The last third of the program was dedicated to human looking robots, and this is where I started to get totally creeped out. The Japanese seem to be determined to create robots that look like young women from Tokyo, which lends itself to no end of creepy associations for me. There is one company that makes robot girlfriends, something makes my skin crawl. These robots are remarkable but somehow equally horrifying. Robot girlfriends...really? Yuck. Almost as bad are the robot babies, I could barely look at those. With each new humanoid robot they showed Chuck and I cringed more and more. They reminded me of those gypsy fortune teller automatron things I used to see in arcades as a kid that would tell your fortune for a quarter. They were disturbing and oddly threatening and I hated them. Not only were they nasty, but they never gave me a fortune that I liked. When you are 8 years old and an evil looking gypsy robot tells you that you are going to meet a tall, dark stranger it is disturbing.
On the up side there was a toddler robot that was used to communicate with severely autistic children and teach them social skills, which is cool, but it looked more like a doll than a human kid. Amazingly, the little ones who were unable to communicate, touch or be touched by any living person were able to make eye contact, talk to, and even hug the little robot, which was quite moving to see. Apparently, there is a theory that living people give out electrical impulses that repel very autistic people that robots do not, which is both fascinating and ironic. This robot was obviously a very useful and meaningful tool that is used to help people, and that makes perfect sense. Japanese girl receptionists sitting in the lobbies of huge corporations, however, strikes me as both pointless and slightly eerie. Why is a robot girl better than a real girl who could use the job to do things like live and eat? Its just wrong and, I'm sorry, more than a little chauvinistic if you ask me.

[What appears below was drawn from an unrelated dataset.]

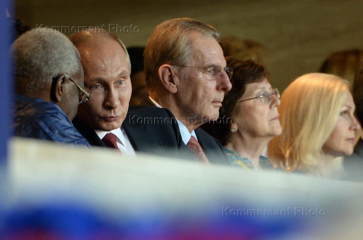 Глава Международной ассоциации легкоатлетических федераций (IAAF) Ламин Диак (слева), президент России Владимир Путин (второй слева), президент Международного олимпийского комитета Жак Рогге (в центре) с супругой Анной (вторая справа) и супруга исполняющего обязанности мэра Москвы Сергея Собянина Ирина (справа) на церемонии открытия XIV чемпионата мира по легкой атлетике 2013 года на Большой спортивной арене (БСА) "Лужники".

The end of the documentary focused on the design of exoskeletons, which are kind of like robots worn outside the body to make people stronger, faster, and better like the 6 million dollar man, although I'm pretty sure they cost a lot more than that now. In theory, exoskeletons could be used by people who are paralyzed to that they can walk, a wonderful thing. Unfortunately, however, most of the funding for this kind of research seems to be going into exoskeletons to be used in military applications to create super-soldiers, which is just a little frightening.
How about we take some of those big-brain people currently designing receptionists, dates for lonely guys, and killing machines and turn them to developing ways to help people walk again or replace severed limbs? Or maybe creating helpful and charming companions for the elderly and shut-ins? And please, don't try to make them look like people...the little Honda robot, Asimo, made us say, “awwww...” The girlfriend in the cocktail dress, on the other hand, just made us say, “ewwwww.”